EXTRACTED RECORDS:
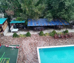 Цена- качество! Приходиться много ездить и это место недалеко от дороги. Очень удобно переночевать и отдохнуть перед дорогой. Место в горах, тихое и спокойное. Море если на машине-пять минут. Кондиционер, и холодильник с телевизором есть в самом бюджетном номере. На заднем дворе детская площадка, бассейн, мангальная и кухонная зоны, большая беседка со столиками, шезлонги. Большая парковка! Приветливый персонал. Хорошее место для тех кто проведя шумный день хочет вечерней тишины и ночной прохлады после жаркого дня.
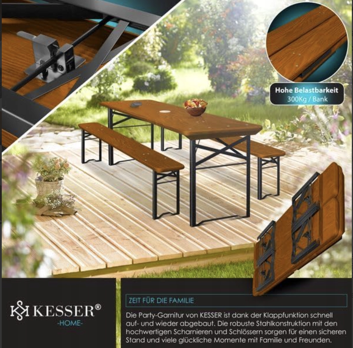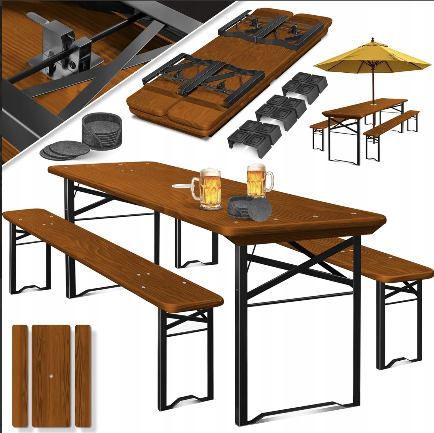 Zestaw jest solidny i trwały, zestaw do siedzenia z drewna i stali, składający się z dużego stołu i dwóch ławek. Przy dużej całkowitej długości, zestaw może pomieścić do 8 osób. Stół mierzy 170 cm x 46 cm x 75 cm i jest wyposażony w uchwyt parasola, który może pomieścić parasol o średnicy do 6 cm. Dwie ławki mają wymiary 170 cm x 23 cm x 46 cm.
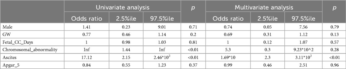 The results of the univariate and multivariate logistic regression analyses are shown in Table 2. In the univariate analysis, chromosomal abnormality and fetal ascites were significantly associated with mortality. In the multivariate analysis using Firth's regression, only fetal ascites remained a statistically significant independent predictor of death (OR 1.69*101, 95% CI 2.3–3.11*102, p < 0.01).
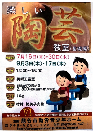 楽しい陶芸教室(基礎編) ※全4回 日程:7/16、7/30、9/3、9/17 ※全4回 時間:13:30~15:0…
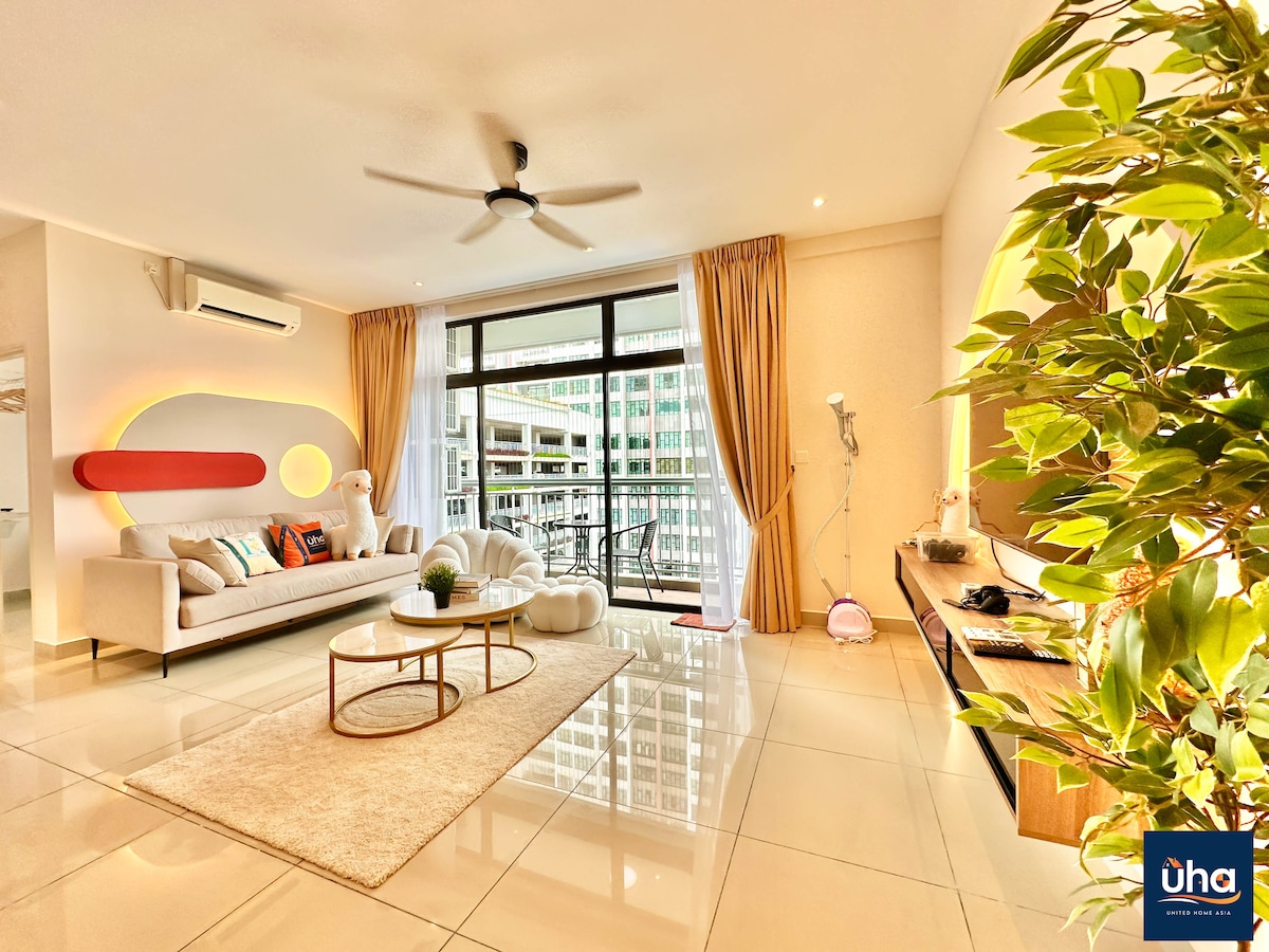 Emgrace Home 4+1 guests l 2 Queen Beds l 1 Sofa Bed • AEON & IKEA (8 Mins) • Mid Valley Southkey (13 Mins) • KSL (15 Mins) • CIQ (18 Mins) **One FREE indoor parking (1 car) **24hrs gated and guarded **Guest access **No Smoking Check-in time : 3pm Checkout time: 12pm *Early check-in/late checkout: RM15 per extra hour, subject to availability. *Some interiors were updated on 25/6/2025. Guests after this date may see slight differences from booking photos.
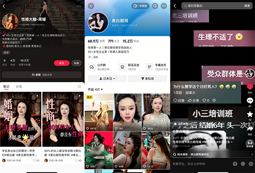 突然走红的周媛在抖音、小红书等平台均设有账号,总粉丝量接近20万。其简介自称是“黑白颠性商学苑”创始人,并标榜为“性商第一人”、45+女性企业家,影响人数超百万。
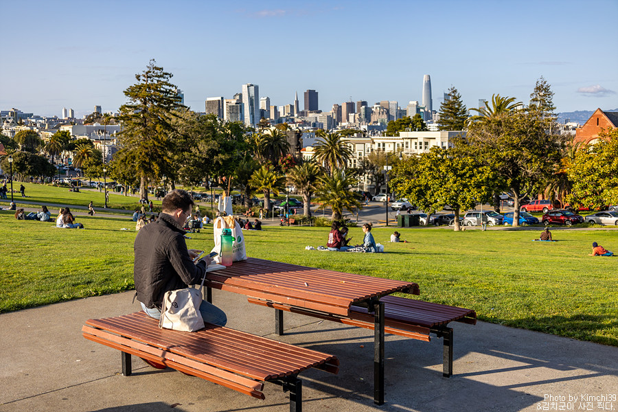 실제로 지인 들 중 미션 돌로레스 공원을 샌프란시스코에서 가장 멋진 뷰를 가진 공원으로 언급하는 사람들이 많다. 샌프란시스코에는 워낙 멋진 뷰를 가진 공원들이 많지만, 여기처럼 여유로움과 뷰가 함께 공존하는 곳은 생각보다 그렇게 많지 않기 때문이다.
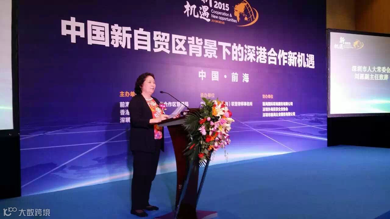 最后,深圳市人大常委会副主任刘恩登台致辞。她表示,深港合作是前海开发的最重要命题,今年是深圳经济特区成立35周年纪念,深圳发展的35年,也是深港合作的35年,深圳创造了奇迹,深圳的经济发展进入了新的领域。深圳是一片创业的热土,过去我们听到的是蛇口的“开山炮”,今天我们聆听的是前海的“前海潮”。她希望大家借助今天这个机会,积极探讨如何进一步利用自贸区优势,通过扩大对香港的开放,深化服务业领域合作以及人才的交流,创新深港开发建设模式等途径,去探索粤港合作的新路子,打造深港联合竞争的优势。

EXERCISE DIRECTIONS: Reproduce word for word, with pictures dropped, only the part of the material above that opens with the line containing "Emgrace Home 4+1" and closes with the line containing "突然走红的周媛在抖音、小红书".

SOLUTION:
 Emgrace Home 4+1 guests l 2 Queen Beds l 1 Sofa Bed • AEON & IKEA (8 Mins) • Mid Valley Southkey (13 Mins) • KSL (15 Mins) • CIQ (18 Mins) **One FREE indoor parking (1 car) **24hrs gated and guarded **Guest access **No Smoking Check-in time : 3pm Checkout time: 12pm *Early check-in/late checkout: RM15 per extra hour, subject to availability. *Some interiors were updated on 25/6/2025. Guests after this date may see slight differences from booking photos.
 突然走红的周媛在抖音、小红书等平台均设有账号,总粉丝量接近20万。其简介自称是“黑白颠性商学苑”创始人,并标榜为“性商第一人”、45+女性企业家,影响人数超百万。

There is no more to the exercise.